ベッドの傍に戻ってリュウの汗を拭くと、リュウはうっすらと目を開けた。
「大丈夫、だから。寝てれば治る……サーヤ、見えるように、なったんだね?」
うなずく。
「あ、そっか。そうだよね。気が付かなくてゴメン」
ピコはようやく気がついたようで、そう言うと笑う。
「じゃあ、リュウの手当てはサーヤに任せてもいいかい? ボクはちょっと野暮用があってね」
ピコを振り向いて、あたしはうなずいた。『任せておいて』とつぶやく。
「おっけー。じゃあお願い。イーリン、水桶持ってきておいて」
「承りました」
ピコが出ていき、イーリンが水桶とジュースを差し入れてくれたあとはリュウと二人になった。

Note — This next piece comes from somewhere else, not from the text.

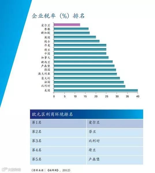 爱尔兰拥有专为投资者利益最大化而设计的极具吸引力的税收系统。12.5%的企业所得税税率几乎是世 界最低的,特别是与其他欧洲国家相比时,例如英国 (23%)和德国(约30%)。爱尔兰还具有良好的控股公司制度,是企业选择其总部的理想国家。25%研发 费用可用于税收抵免。这里还拥有广泛的和不断增长的双重征税条约国家网络。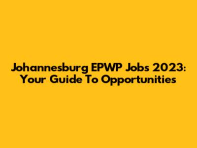 Johannesburg EPWP Jobs 2023: Your Guide To Opportunities

ベッドの側に椅子を引っ張り寄せて、あたしはリュウをじっと見守る。のろのろと差し伸べてくるリュウの手を握ると、弱々しく握ってきた。こんなに弱い握力しかないリュウなんて、見たことがない。
どうしたの……? 何があったの?
そう聞きたいのに、声が出てこない。唇だけ動かしてみても、リュウは相当しんどいのだろう、ほとんど目を閉じたままだ。
何度も温んだタオルを取り替える。激しく上下していた胸はだんだん静かになって、安定した呼吸になった。多分眠ったのだろう。
汗で張り付いた前髪を剥がし、額に浮かぶ汗を拭う。
そのままあたしは、現実の彩子が目を覚ますまで、そうしていた。